Retail growth to be driven by prices instead of volume

While Australian retail sales have come out of the pandemic better than expected, inflationary challenges could prove more problematic, according to Deloitte Access Economics’ latest quarterly Retail Forecasts subscriber report.

The growth outlook is positive, but it still presents a number of challenges for retailers, says principal report author and Deloitte Access Economics partner, David Rumbens.

“Inflation is now a cold, hard reality to the extent that the majority of turnover growth over the next few years is expected to be driven by prices rather than volumes.

“For households, the price pinch is near unavoidable, with CPI price growth for non-discretionary goods and services up 6.6 per cent, more than double that of discretionary which was up 2.7 per cent. These non-discretionary goods and services are the ones households are less likely to reduce their consumption of including food, fuel, housing and health, placing significant pressure on other components of spending.

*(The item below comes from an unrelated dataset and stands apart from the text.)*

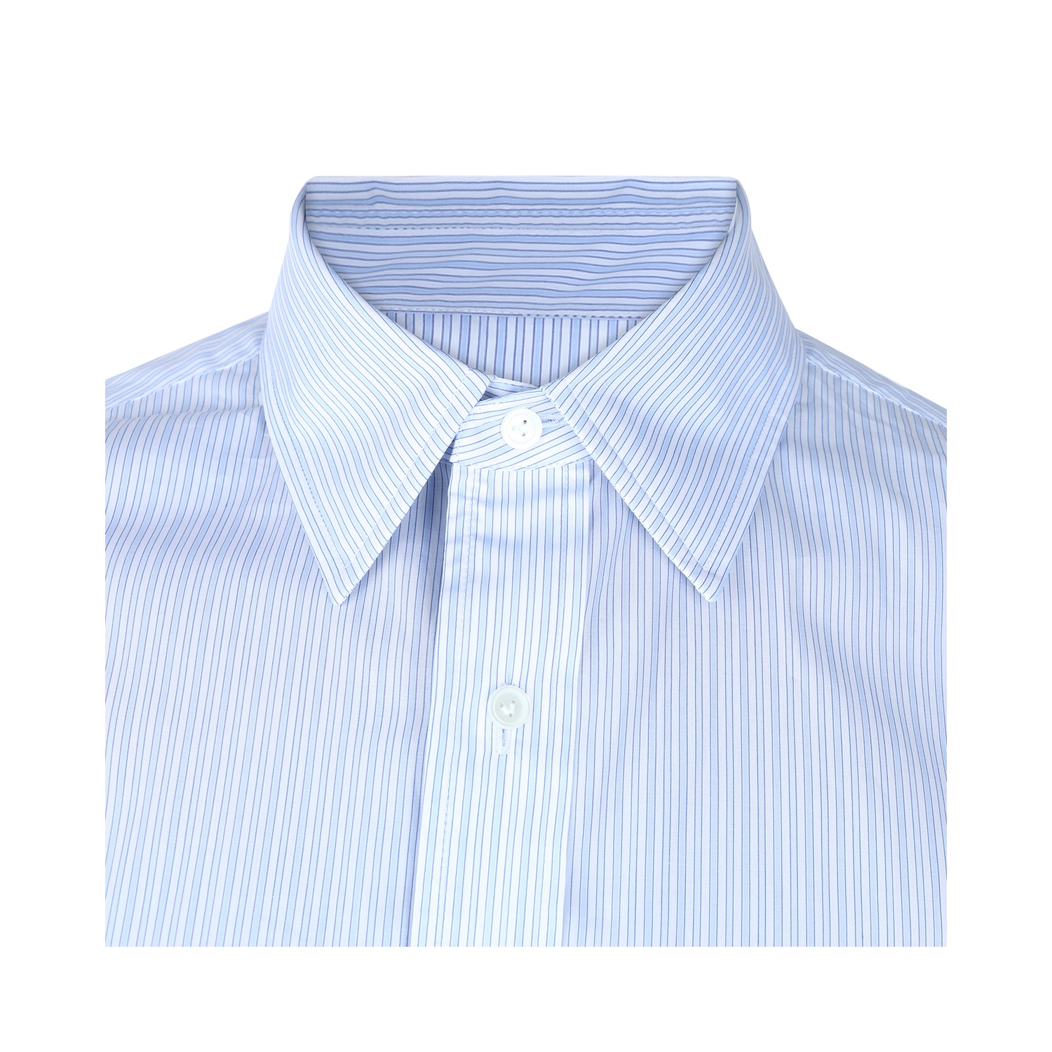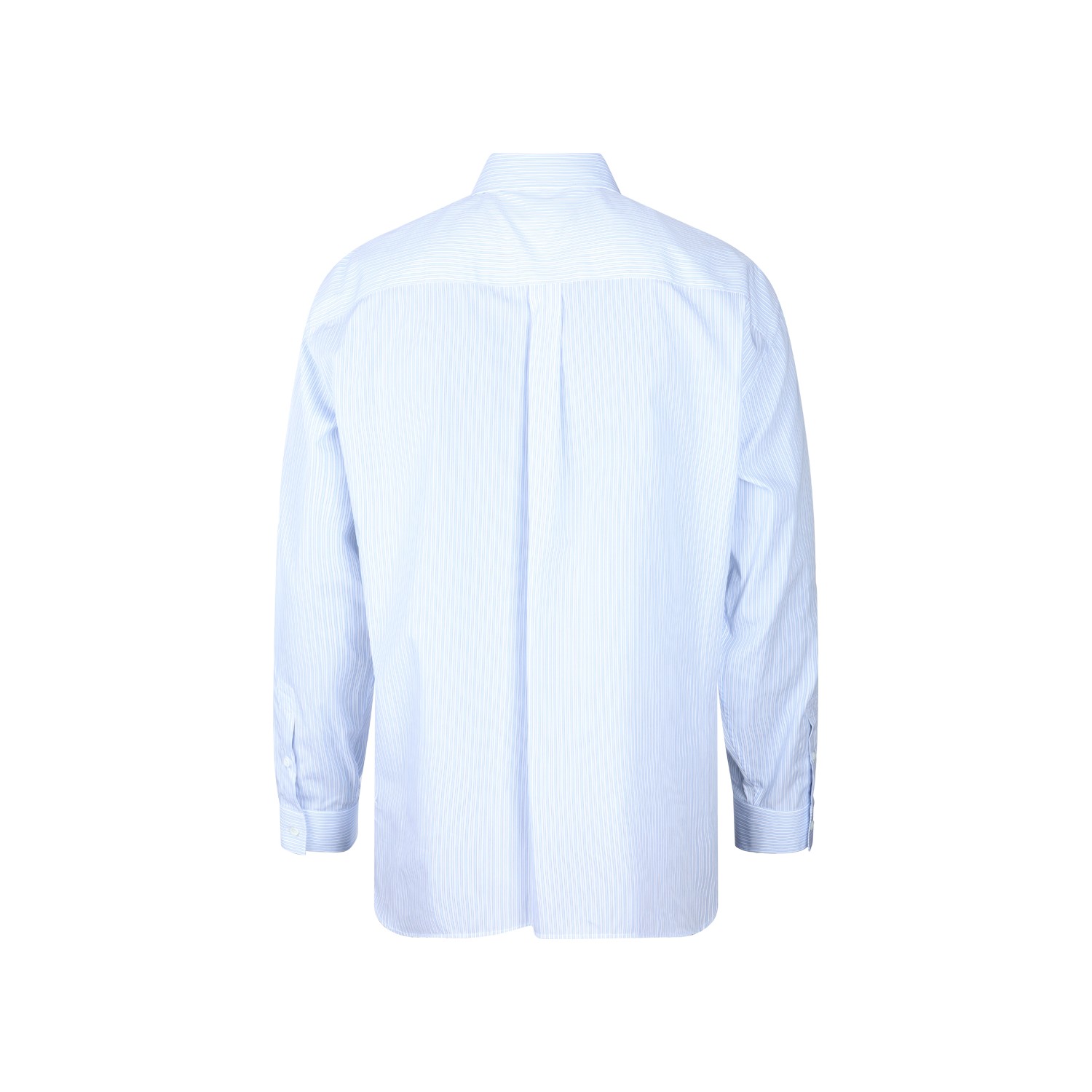 White and blue cotton shirt from Bottega Veneta featuring shirt collar, long sleeves, frontal buttons fastening, chest pocket, embroidered patch and regular vestibility.

“The March quarter saw retail prices up by 3.2 per cent over the year, driven by a 4.5 per cent increase in retail food prices. And the cost of inputs is unlikely to taper anytime soon as producer prices were 16 per cent greater than pre-pandemic levels in March. This means retailers are likely to feel the brunt of rising costs for a while.”

Retail price growth is forecast to peak at 5.5 per cent over the year to December 2022. The majority of retail turnover growth for H2 2022 and into 2023 and 2024 will be driven by prices rather than sales volumes. Retail sales volume growth may average only 1.1 per cent over 2023 to 2025, compared to 1.9 per cent per annum for retail price growth.

“Overall, the cost-of-living squeeze, higher interest rates and preference for spending on services are expected to lead to a slowdown in retail momentum through the second half of 2022, which may then result in real per capita spend on retail falling over 2023 and 2024. That means the speed of return of net migration will become a significant driver of retail’s future growth prospects,” concludes Rubens.